I verified the change by tracing the math and shapes rather than running the suite (the CI sandbox here blocked uv run pytest/python3, so I could not execute tests/test_topoplot.py directly — please rely on your local run).

Correctness ✅

The vectorization is faithful to the original nested loop:

  • The old code reassigned xy = xy[:, None] then used xy.ravel() per point. The new code correctly drops that reassignment and broadcasts the original 1-D xy (x + 1j*y, shape (channels,)) against the query grid:
    • (xq + 1j*yq)[..., None](grid, grid, 1)
    • xy[None, None, :](1, 1, channels)
    • d(grid, grid, channels), real (via np.abs), matching the per-point np.abs(xq[i,j] + 1j*yq[i,j] - xy.ravel()).
  • Green's function (d**2)*(log(d)-1) and the zero-distance guard g[d == 0] = 0 are preserved, so query points landing exactly on an electrode stay finite (covered by test_zero_distance_handling).
  • vq = g @ weights reduces over the channel axis, equivalent to np.dot(g, weights) at each (i, j).

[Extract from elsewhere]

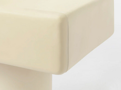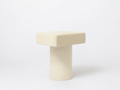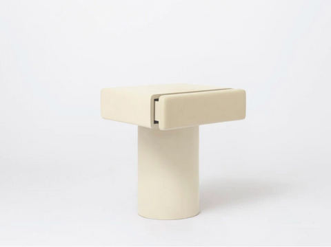 A freestanding bedside table with a flush sliding drawer. A chamfered storage unit stands atop a single stout column.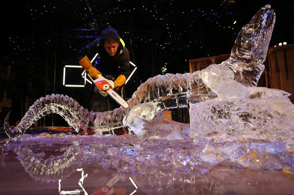 An artist from the company «La Machine» uses an electric chain saw to complete a performance where they created an ice sculpture in the form of a lizard, in Nantes, France. December 28, 2013.

Existing tests (test_basic_interpolation, test_collinear_points, test_single_point_interpolation, test_zero_distance_handling, plus the MATLAB parity tests) already exercise these paths, so no new test is needed for this behavior-preserving change.

Blocking

None.

Important

None.

Nits

  • .jules/bolt.md (added): This looks like an agent scratch/learning note rather than a code artifact, and it carries an incorrect date (## 2025-05-15 — today is 2026-07-03). AGENTS.md asks to touch only files the change requires and not to commit AI-tooling artifacts. Consider dropping this file from the PR unless the repo intentionally tracks .jules/ notes.
  • vq dtype (nit): The old vq = np.zeros_like(xq) inherited xq's dtype; vq = g @ weights is always float64. Harmless for the float64 grids topoplot generates — noting only for completeness.

Test gaps

None. The change is behavior-preserving and the existing TestGriddataV4 cases cover the affected paths.

EEGLAB parity notes

None. This mirrors MATLAB's gdatav4 biharmonic-spline evaluation; only the Python evaluation loop was vectorized, and the parity tests (test_parity_*) guard the output against EEGLAB.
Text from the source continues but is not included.